— Она сама хотела сюда приехать, — отвечала Розалинда. — Не хотела бы — не приехала. И по-английски она говорит достаточно хорошо. Просто она ужасно, ужасно глупая.
Это, разумеется, была чистая правда.
Розалинда немного продвинулась во французском, но не так, как хотелось бы. Иногда, в дождливые дни, я предлагала им поиграть во что-нибудь, но Розалинда утверждала, что Марсель нельзя научить играть даже в «дурака». «Она не может запомнить, какая карта старше», — презрительно фыркала моя дочь.
Я сообщила Москитику, что у нас с Марсель взаимной приязни не получается.

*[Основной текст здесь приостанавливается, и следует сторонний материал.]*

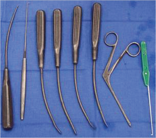 Fig. 21.3 Various blunt dissectors, note hook scalpel on far right.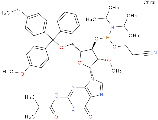 N-[9-[5-O-[Bis(4-methoxyphenyl)phenylmethyl]-3-O-[[bis(1-methylethyl)amino](2-cyanoethoxy)phosphino]-2-O-methyl-β-D-arabinofuranosyl]-6,9-dihydro-6-oxo-1H-purin-2-yl]-2-methylpropanamide NC3712401239669-74-9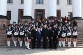 Від імені ректора вишу генерала поліції третього рангу Валерія Сокуренка до присутніх звернувся проректор навчального закладу Анатолій Клочко. Він передав привітання від очільника університету та запросив школярів вступати до Харківського національного університету внутрішніх справ. Анатолій Миколайович розповів, що університет крокує в ногу з часом, постійно удосконалює навчальний процес, впроваджуючи новітні технології, відкриває нові спеціальності для підготовки поліцейських. А навчально-матеріальна база університету є однією з найкращих не тільки серед закладів вищої освіти МВС України. Це – сучасні аудиторії, лекційні зали, навчально-тренувальні полігони, спортивна база, сучасні умови проживання у гуртожитках тощо. Університет чекає на сильну, молоду й талановиту молодь, яка хоче реалізуватися у житті, захищати права та свободи співгромадян.

— О, господи, я была уверена, что Розалинда полюбит Марсель.
— Она ее не любит, — констатировала я. — Совсем не любит. И изобретает всевозможные способы, чтобы мучить бедняжку, бросается в нее разными предметами.

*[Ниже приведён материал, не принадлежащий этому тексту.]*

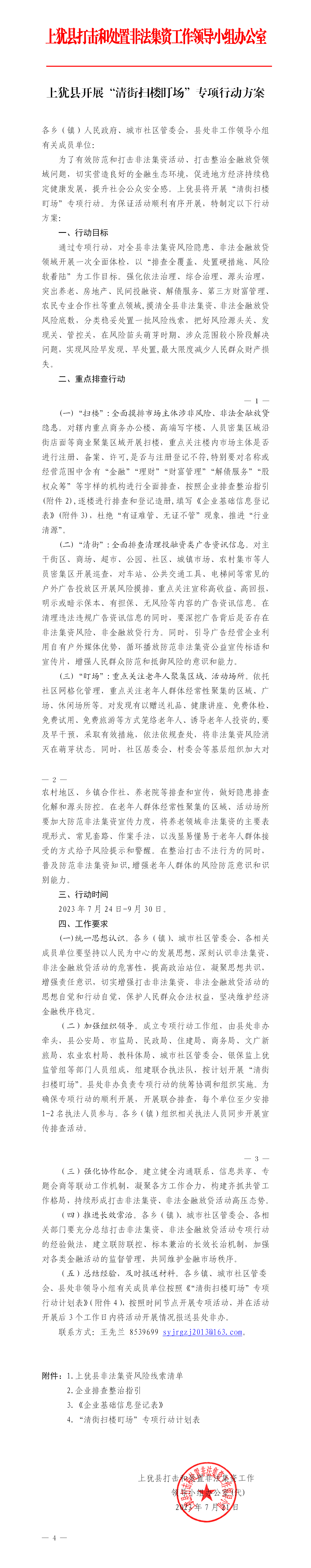 【深化綠色金融改革創(chuàng)新和普惠金融改革試驗(yàn)區(qū)建設(shè)】上猶縣開(kāi)展“清街掃樓盯場(chǎng)”專項(xiàng)行動(dòng)方案

— Розалинда бросается предметами?!
— Да, — подтвердила я, — и становится все более несносной.
В конце концов я решила, что нет смысла продолжать эти мучения. Почему, собственно, мы все должны страдать? Я поговорила с Марсель, промямлив, что, видимо, мы не подходим друг другу и что, вероятно, ей самой будет лучше в другом доме, что я дам ей рекомендацию и постараюсь найти хорошее место, если она не предпочтет вернуться в Швейцарию. Марсель невозмутимо ответила, что была рада повидать Англию, но теперь хотела бы уехать обратно в Берн. Мы попрощались, я настояла, чтобы она взяла жалованье за лишний месяц, и решительно настроилась найти кого-нибудь другого на ее место.

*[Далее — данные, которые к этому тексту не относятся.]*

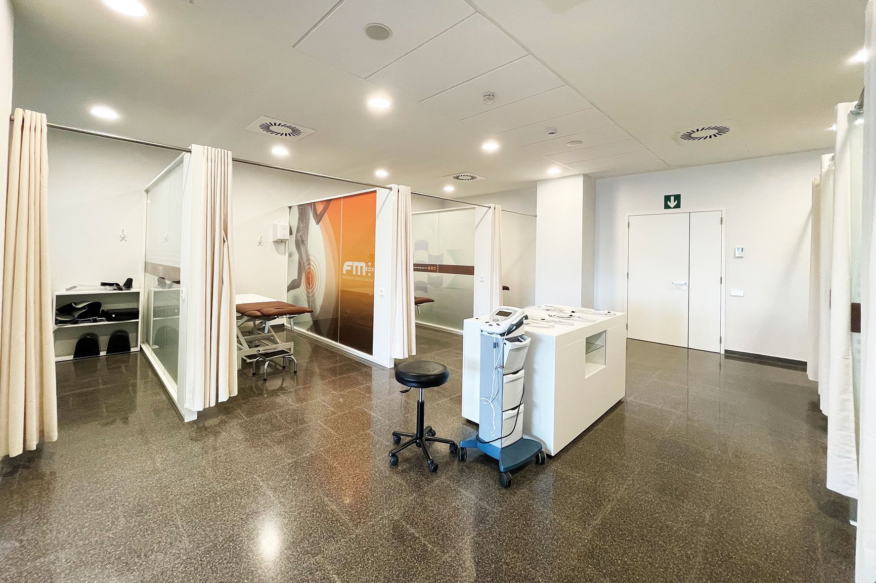 Artromod de hombro, Flujo aire frío, Deltatermia, Magnetoterapia solenoidal, Láser de alta potencia, Láser LightForce®, Compex Wireless, Indiba / Winback, Tracciones mecánicas, Plataforma vibratoria médica, Polia cónica inercial, Presoterapia, Manuther superinductiva, Vibalance y Zamar.

На сей раз я задумала взять женщину, которая выполняла бы обязанности и секретаря, и гувернантки. Когда Розалинде исполнится шесть лет, она будет по утрам ходить в школу, и ее гувернантка могла бы несколько часов быть в моем распоряжении — печатать или стенографировать. Может быть, я могла бы диктовать ей свои литературные опусы. Эта идея мне очень понравилась. Я дала объявление в газету: ищу женщину присматривать за пятилетним ребенком, который скоро пойдет в школу, и исполнять обязанности секретаря-машинистки-стенографистки. «Предпочту шотландку», — добавила я. Понаблюдав за другими детьми и их воспитательницами, я пришла к выводу, что шотландки справляются с маленькими ребятишками лучше всех. Француженки совершенно не умеют заставить своих подопечных соблюдать дисциплину, и те их просто изводят; немки хороши и педантичны, но я ведь хотела учить Розалинду не немецкому. Ирландки веселы, но от них в доме все вверх дном. От англичанок можно ожидать чего угодно. Я мечтала о шотландке.
Отобрав несколько предложений, пришедших в ответ на мое объявление, в один прекрасный день я отправилась в Лондон, в небольшой частный отель неподалеку от Ланкастер-гейт, где у меня была назначена встреча с некой мисс Шарлоттой Фишер. Мисс Фишер мне сразу же понравилась: высокая шатенка лет двадцати трех, не новичок в работе с детьми, производит впечатление очень расторопного человека и, помимо внешней привлекательности, обладает каким-то особым шармом. Ее отец был королевским капелланом и настоятелем собора святого Коломба в Эдинбурге. Она умела печатать на машинке и стенографировать, правда, делать это ей приходилось не часто. Ей понравилось мое предложение совмещать обязанности секретаря и няни.